Jelland et Mc Evoy, qui commençaient à désespérer du vent, virent le petit point noir se détacher de la terre et grandir à chaque coup de rame. Puis, le bateau se rapprochant, ils purent reconnaître qu’il était plein de gens, et deviner, à l’éclat de leurs armes, quelle sorte de gens c’était. Penché sur la barque, Jelland regardait le ciel menaçant, les voiles flasques, le bateau toujours plus proche.

« On nous donne la chasse, Willy, dit-il. Pardieu ! nous avons la guigne ; car il y a du vent dans ce ciel-là, et nous l’aurions d’ici une heure. »

Mc Evoy gémit.

« Pas la peine de s’attendrir, mon garçon, reprit Jelland. Le bateau est celui de la police, et le vieux Moore mène les rameurs avec un entrain d’enfer. Il y va de dix dollars pour chaque homme. »

À genoux sur le pont, Willy Mc Evoy se blottissait contre le plat-bord.

« Ma mère ! sanglotait-il, ma pauvre vieille mère ! — Elle n’entendra du moins jamais dire que vous ayez échoué en assises. Ma famille a beaucoup fait pour moi, j’en ferai autant pour elle. Mais nos affaires vont mal. Serrons-nous la main, mon vieux, et que Dieu vous bénisse ! Voici le revolver ! »

Il présentait au jeune homme, par la crosse, l’arme toute prête. Mc Evoy recula, suffoquant et geignant. Jelland lança un coup d’œil vers le bateau de police : il avançait, il n’avait plus que quelque cent yards à faire.

« Ce n’est pas le moment de perdre la tête. Que diable ! mon cher, à quoi bon flancher ? Vous avez juré !

— Non, non, Jelland.

— En tout cas, j’ai juré qu’on ne nous prendrait ni l’un ni l’autre.

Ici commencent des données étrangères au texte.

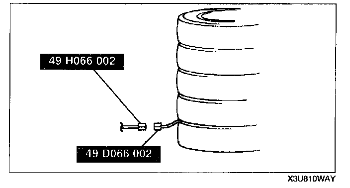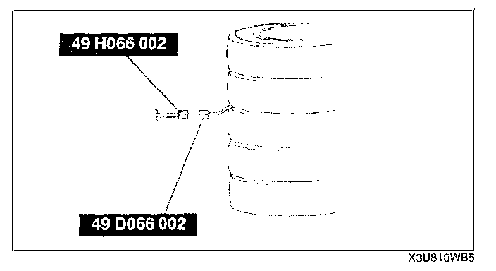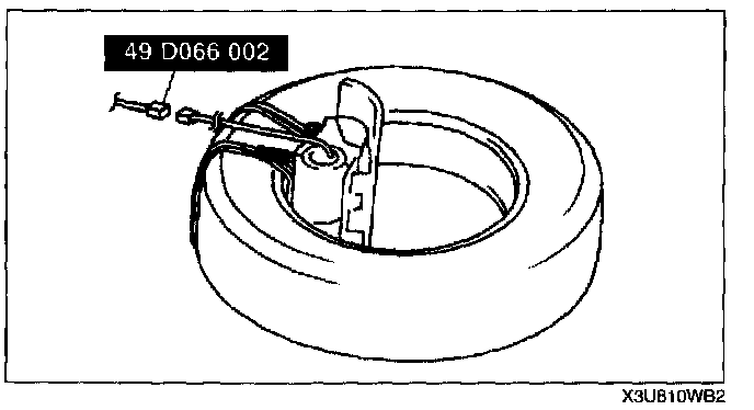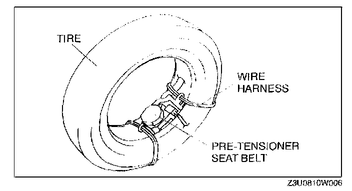 WARNING: If the pre-tensioner seat belt is not properly installed to the tire, serious injury may occur when the pre-tensioner part is deployed. When installing the pre-tensioner seat belt to the tire, make sure the pre-tensioner part is inside the tire.

Vous décidez-vous ?

— Je ne puis pas, je ne puis pas.

— Alors, j’agirai pour vous. »

Les rameurs, dans le bateau, observèrent qu’il se penchait en avant ; ils entendirent une double détonation ; puis ils virent Jelland se plier en deux sur la barre. À cet instant précis, et avant même que la fumée se fût dissipée, leur attention dut se porter sur autre chose.

Car la tempête se levait : un de ces ouragans rapides et brusques, si fréquents dans ces parages. La Matilda s’inclina, ses voiles se gonflèrent, elle piqua du nez dans une lame, et prit sa course comme un cerf effarouché. Le corps de Jelland avait accoré la barre, et, droite au vent, sur la mer moutonneuse, la barque fuyait. Ses poursuivants faisaient force de rames. Mais elle gagnait de vitesse, tellement qu’en cinq minutes elle plongea dans la tourmente, pour ne plus jamais reparaître devant des yeux mortels. Le bateau, en rentrant à Yokohama, faisait eau jusqu’à mi-hauteur de ses bancs.

Et ce fut ainsi que la barque Matilda, ayant à son bord cinq mille dollars et les cadavres de deux jeunes hommes, s’en alla sur l’Océan Pacifique. Comment se termina le voyage de Jelland ? Personne ne le sait. Peut-être la barque sombra-t-elle sous la rafale ; peut-être fut-elle recueillie par quelque marchand circonspect qui fit main basse sur l’argent et se garda de rien dire. Peut-être continue-t-elle encore sa promenade sur la vaste étendue des eaux, poussée au nord vers la mer de Behring, ou au sud vers l’archipel malais. Mieux vaut laisser une histoire véridique sans dénouement que de lui en fabriquer un.